** GIVEN DATA follows **

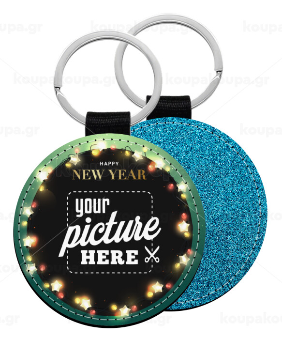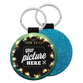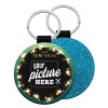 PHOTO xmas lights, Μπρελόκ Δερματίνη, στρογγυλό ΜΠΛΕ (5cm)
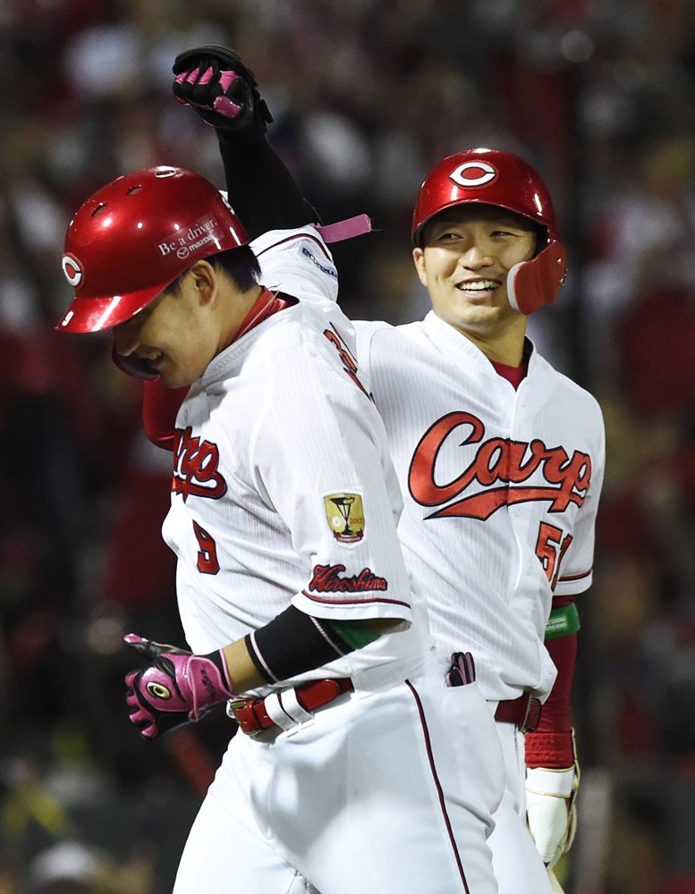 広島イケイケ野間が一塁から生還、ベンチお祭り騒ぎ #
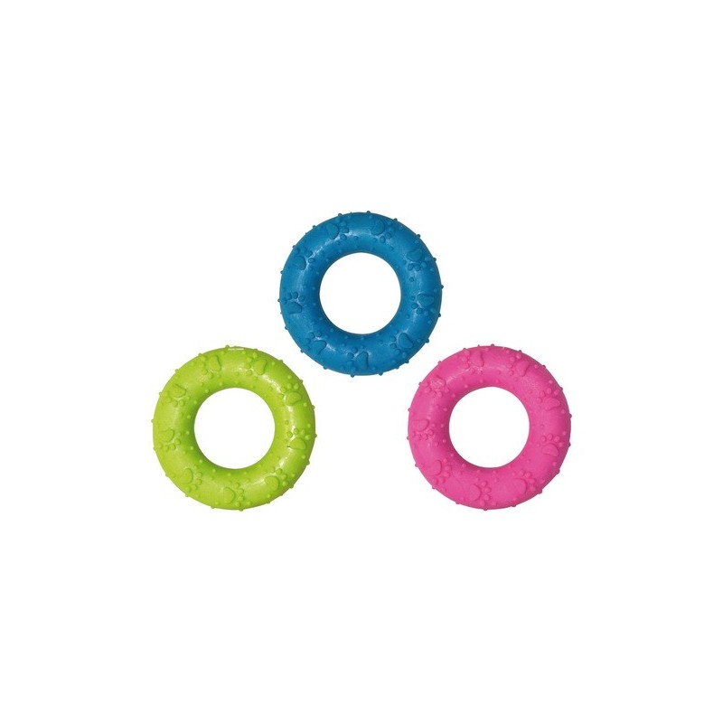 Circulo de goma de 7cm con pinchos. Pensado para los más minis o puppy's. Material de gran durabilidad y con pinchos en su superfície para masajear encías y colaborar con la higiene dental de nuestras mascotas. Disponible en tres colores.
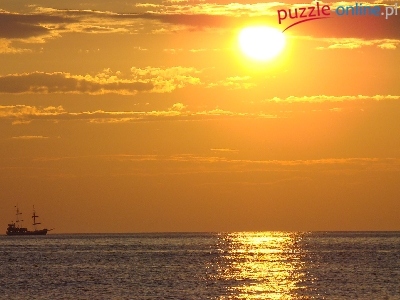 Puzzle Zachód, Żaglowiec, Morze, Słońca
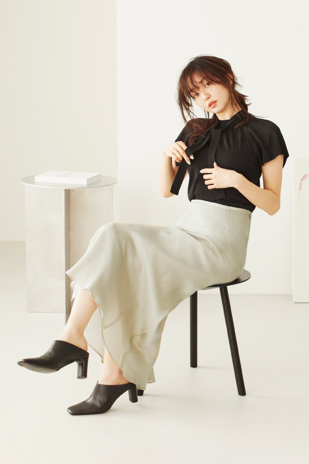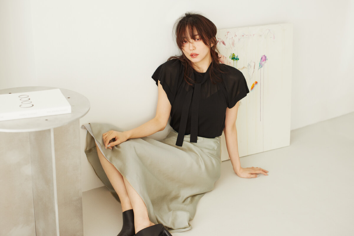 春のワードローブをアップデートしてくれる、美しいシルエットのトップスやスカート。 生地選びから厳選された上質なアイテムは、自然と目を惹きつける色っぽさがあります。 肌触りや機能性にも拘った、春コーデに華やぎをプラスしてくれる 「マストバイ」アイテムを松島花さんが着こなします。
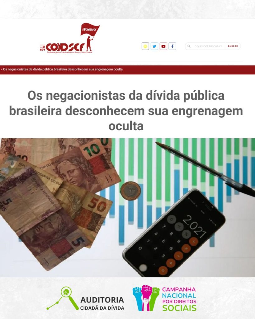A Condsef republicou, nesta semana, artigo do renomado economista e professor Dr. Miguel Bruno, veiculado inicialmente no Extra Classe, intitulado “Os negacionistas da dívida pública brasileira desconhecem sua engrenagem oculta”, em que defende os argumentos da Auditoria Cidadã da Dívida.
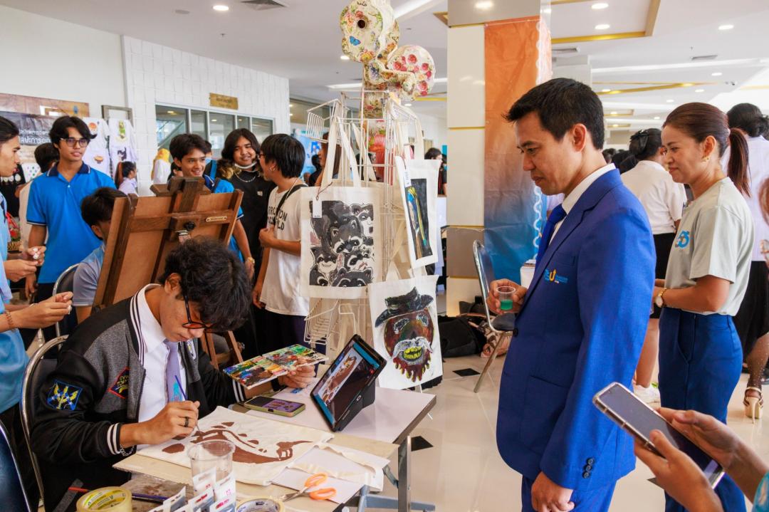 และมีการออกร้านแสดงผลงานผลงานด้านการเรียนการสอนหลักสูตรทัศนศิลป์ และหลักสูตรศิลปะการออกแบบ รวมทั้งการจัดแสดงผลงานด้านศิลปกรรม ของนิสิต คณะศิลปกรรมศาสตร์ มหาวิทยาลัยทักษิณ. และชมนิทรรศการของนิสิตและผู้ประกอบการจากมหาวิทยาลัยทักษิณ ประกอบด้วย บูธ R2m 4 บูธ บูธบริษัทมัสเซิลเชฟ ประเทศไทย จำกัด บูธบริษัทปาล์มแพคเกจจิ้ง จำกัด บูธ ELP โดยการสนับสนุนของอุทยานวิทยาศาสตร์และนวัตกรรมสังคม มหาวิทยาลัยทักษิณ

** End of GIVEN DATA **

Exact transcription of the full listing above is required; images do not belong in it.

REPLY:
 PHOTO xmas lights, Μπρελόκ Δερματίνη, στρογγυλό ΜΠΛΕ (5cm)
 広島イケイケ野間が一塁から生還、ベンチお祭り騒ぎ #
 Circulo de goma de 7cm con pinchos. Pensado para los más minis o puppy's. Material de gran durabilidad y con pinchos en su superfície para masajear encías y colaborar con la higiene dental de nuestras mascotas. Disponible en tres colores.
 Puzzle Zachód, Żaglowiec, Morze, Słońca
 春のワードローブをアップデートしてくれる、美しいシルエットのトップスやスカート。 生地選びから厳選された上質なアイテムは、自然と目を惹きつける色っぽさがあります。 肌触りや機能性にも拘った、春コーデに華やぎをプラスしてくれる 「マストバイ」アイテムを松島花さんが着こなします。
A Condsef republicou, nesta semana, artigo do renomado economista e professor Dr. Miguel Bruno, veiculado inicialmente no Extra Classe, intitulado “Os negacionistas da dívida pública brasileira desconhecem sua engrenagem oculta”, em que defende os argumentos da Auditoria Cidadã da Dívida.
 และมีการออกร้านแสดงผลงานผลงานด้านการเรียนการสอนหลักสูตรทัศนศิลป์ และหลักสูตรศิลปะการออกแบบ รวมทั้งการจัดแสดงผลงานด้านศิลปกรรม ของนิสิต คณะศิลปกรรมศาสตร์ มหาวิทยาลัยทักษิณ. และชมนิทรรศการของนิสิตและผู้ประกอบการจากมหาวิทยาลัยทักษิณ ประกอบด้วย บูธ R2m 4 บูธ บูธบริษัทมัสเซิลเชฟ ประเทศไทย จำกัด บูธบริษัทปาล์มแพคเกจจิ้ง จำกัด บูธ ELP โดยการสนับสนุนของอุทยานวิทยาศาสตร์และนวัตกรรมสังคม มหาวิทยาลัยทักษิณ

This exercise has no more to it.